Montag, 13. August 2012

Bob Dylan’s 2012th Dream

Es fühlte sich überraschend perfekt an, ganz allein auf dem Zeltplatz. Im Campingstuhl am Chaostisch unter den Baumarkt-Pavillons. Irgendein Biermix-Zeug im Getränkehalter. Im Westen ein goldener Sonnenuntergang. Aus dem Osten dröhnt Musik. Die Tune-Yards? Egal. Mit der Gitarre in der Hand die zweite Strophe von Katja niedergeschrieben: „Katja glaubt schon lange an das Ende / Und das es ganz bestimmt schon sehr bald kommen wird.“ Ganz bestimmt schon sehr bald… kann man nicht komplett zufrieden mit sein. Aber es wird wohl klar: Katja glaubt ans Ende. Der Welt? Wahrscheinlich. Zumindest ihrer Welt. Vielleicht wartet sie sogar darauf. Die anderen kommen zurück. Trinken, talken, grillen. Am eigentlich blauen Horizont blitzt kurz die Ahnung einer schwarzen Wolke auf. Eine sehr dichte Wolke, die aus Vögeln zu bestehen scheint. Aus schwarzen Raben, die zu Asche zerfallen oder so. Die Asche wird zu einem Mann im schmal geschnittenen dunklen Anzug mit Stock und Hut. Er wandert umher, aber geht ein wenig unrund. Wie ein Huhn. Oder Geier.

Ich denke zurück an mein erstes Haldern-Festival. 2003 muss das gewesen sein. Patti Smith spielte zum 20. Jubiläum. Die legendäre Patti Smith. Vor ihrem Auftritt spazierte sie gedankenverloren über den Zeltplatz. Einfach so. Die Leute tuschelten: „Ist das Iggy Pop?“ Bald verbreitete sich die Nachricht: Die berühmte Künstlerin, beste Interpretin von Springsteens „Because The Night“, läuft hier einfach so umher. Ganz volksnah. Wie auf der Suche nach dem Woodstock-Spirit, beziehungsweise dem, was heute davon übrig ist. Das hat ihr ganz schön Zeltplatz-Credibility eingebracht. Ob sie sich tatsächlich mit Festivalbesuchern unterhalten hat, ist nicht überliefert.
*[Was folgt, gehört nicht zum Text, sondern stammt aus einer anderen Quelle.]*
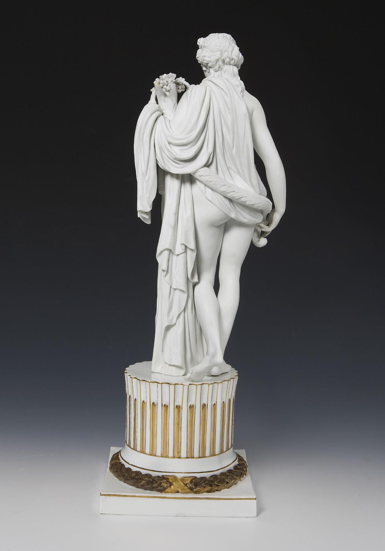Modell von Christian Gottfried Jüchtzer und Mitarbeiter. Fortuna ist die Glücks- und Schicksalsgöttin der römischen Mythologie. Weißporzellan und Biskuitporzellan, das montierte Postament gold staffiert. Goldene Malermarke, Schwertermarke mit Stern. Postament minimal restauriert, mit kleinen Brandrissen, Füllhornrand, Blättchen Trauben leicht bestoßen, Finger einer Hand, ein Fuß, Gewandsaum partiell restauriert.

Anders als meine Geschichte. Sie handelt von tba, also dem freien Slot auf dem Haldern-Spielplan ein Jahr vor dem 30. Jubiläum. Schnell machte ein absurdes Gerücht die Runde: Bob Dylan sollte ihn füllen. Es ist klar, was das heißt: Alle halten das für groben Unsinn – unwahrscheinlicher geht’s ja auch nicht – aber sind auch fasziniert. Gerüchte über die noch geheimen Bands haben hier bislang immer gestimmt. Und jetzt wackelt da dieser Mann im schwarzen Anzug umher. Während ich die Worte der zweiten Katja-Strophe im Kopf jongliere, beobachte ich die Szenerie. Und stelle bei genauerem Hinsehen fest: Der Mann wird verfolgt von zwei oder sogar drei weiteren Typen. Sie sehen ziemlich unauffällig aus, das heißt: sie sind nur unwesentlich älter als der für Popfestivals doch relativ alte Durchschnittsbesucher hier und tragen irgendwie so Jeans und T-Shirt. Sie halten sich in ziemlich sicherer Entfernung, das heißt: sie könnte einen Angreifer höchstwahrscheinlich vor dem Tod des berühmten Songwriters erledigen, werden aber trotzdem nicht gleich blöd als Bodyguards erkannt.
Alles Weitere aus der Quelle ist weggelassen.